As Israeli soldiers rushed to help the victims, the gunmen attacked again, killing several of the rescuers, including the region's highest ranking Israeli military official. Hebron Brigade commander Col. Dror Weinberg, 38, a border police officer, became the most senior IDF member to be killed in the intifada, according to Ha'aretz.
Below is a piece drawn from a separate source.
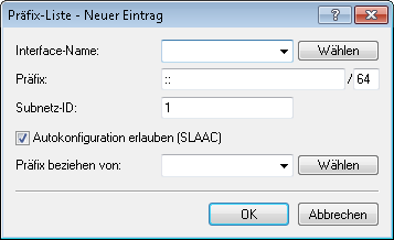 Sollte im Gerät das ausgeschlossene Präfix für das LAN konfiguriert sein, erfolgt eine Syslog-Meldung und das Präfix wird im LAN nicht angekündigt. In diesem Fall konfigurieren Sie unter IPv6 > Router-Advertisement > Präfix-Liste manuell eine andere Subnetz-ID für dieses LAN, um den Konflikt aufzulösen.

The IDF said the bodies of three of the Palestinian gunmen had been recovered from the scene. According to the IDF, the 12 Israeli fatalities include two IDF officers, two IDF soldiers, four border police troops, a border police officer and three civilians.
...

cnn.com

And what about those 3 civilians? They were also combatants, as defined by the Geneva Convention, and were recognized as such by the Israelis themselves:

IDF grants military funeral to civilians killed in Hebron attack
Jerusalem Post, November 16, 2002
The IDF announced Saturday night that three civilians, among them the civilian security officer of the settlement of Kiryat Arba, will be granted a military funeral in a civilian cemetery, after they were killed in a shooting attack in Hebron Friday.
...
Kiryat Arba local council head Zvi Katsover told Channel One News the three "fought like soldiers and should be buried like soldiers." Settlers will continue fighting for the IDF to recognize them as IDF casualties, he was earlier quoted by Israel Radio as saying, and they will not be buried until the IDF relents.

jpost.com

The Geneva Convention quite clearly states that people who "fight like soldiers" are combatants. You should be complimenting the Palestinians on fighting against soldiers instead of civilians.

Yahoo:
...
The dead included four Israeli soldiers, five border policemen and three civilian security guards from Kiryat Arba.
...

story.news.yahoo.com

I don't know, maybe those Palestinians aren't as poor soldiers as you make them out to be.

-- Carl



To: Nadine Carroll who wrote (57406)11/17/2002 7:00:23 AM
From: Tobias Ekman  Respond to of 281500
 
Hi Nadine
We have headlines like that over here.
It was about the "elders of zion" in my local danish paper "Politikken".
The headline: " Conspiracy of the Jews".
I wonder how many read the headlines, and how many the whole text.
Best regards
Tobias

politiken.dk



To: Nadine Carroll who wrote (57406)11/17/2002 8:31:06 AM
From: Tobias Ekman  Respond to of 281500
 
Sorry Nadine
The link I Provided was for an older headline.
The new headline (from just a few days ago) was in the written paper, and its not posted online.
There have been two articles,as far as I know, about that subject.
They both had allmost similar headlines.